Quick overview: stanza 3, ln 1 "The tears you could no longer hide" fits the meter a little better. Stanza 5 is a metrical trainwreck. Stanza 6, line 2--I would take out that "hate" and add "little" after "the." "save your sin" is pretty awkward"
stanza 7-- I'm sure there's a better word than "loathly"stanza 10, ln 3 doesn't seem to have enough syllables.
Excellent poetry, but I really wish it was puntuated . . . so many pieces on TeenInk are not puntuated , but how many professional pieces are puntuatonless?
You don't usually write poetry?
Pshh. Your like amazing!
Your rhyming was very well done. Awesome job :)
nice try but it's not a sonnet. A sonnet is much shorter than this and structured differently.
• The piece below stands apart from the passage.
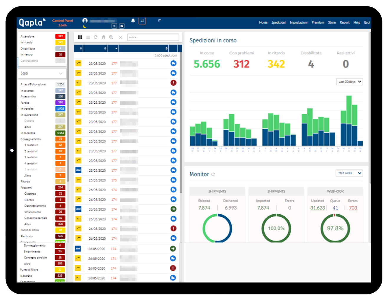 With Qapla’, you can keep track of up to 450 couriers from a single interface, integrating them in just a few minutes, without the need for development and with our assistance.
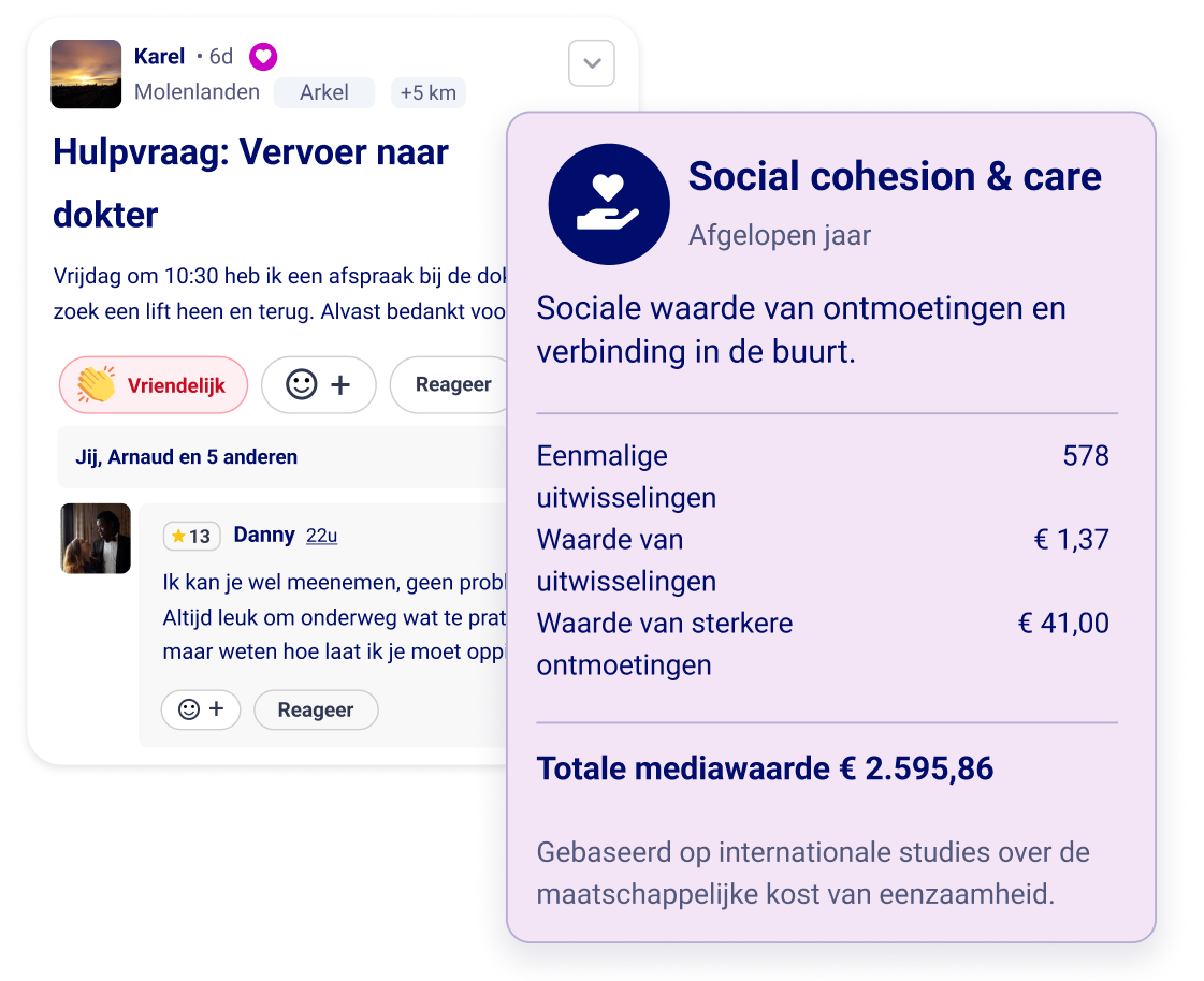 De logica: Gebaseerd op internationale studies naar de maatschappelijke kosten van eenzaamheid, berekenen we de waarde van hulpvragen en fysieke ontmoetingen.

This is one of the best poems I have ever read? How come it isn't in the magazine? LOL! [5 stars!!]
Oh, gosh! This is super good. :) I am so jealous; I wish I could like this. This is professional work, LOL!
I agree with the others. You did an excellent job with protraying the scene through your use of words. Every word seemed perfect. I loved the rhyme. :)
Honestly, I didn't see anything wrong with it. :)
Wow! Great image, and great rhythm! I can really relate to this poem, and I think a lot of people can. You also do a really good job of making abstract ideas concrete images. Five stars!
PS. Could you give me feedback on my sci-fi novel White Ribbon? I would love to read what you think of it.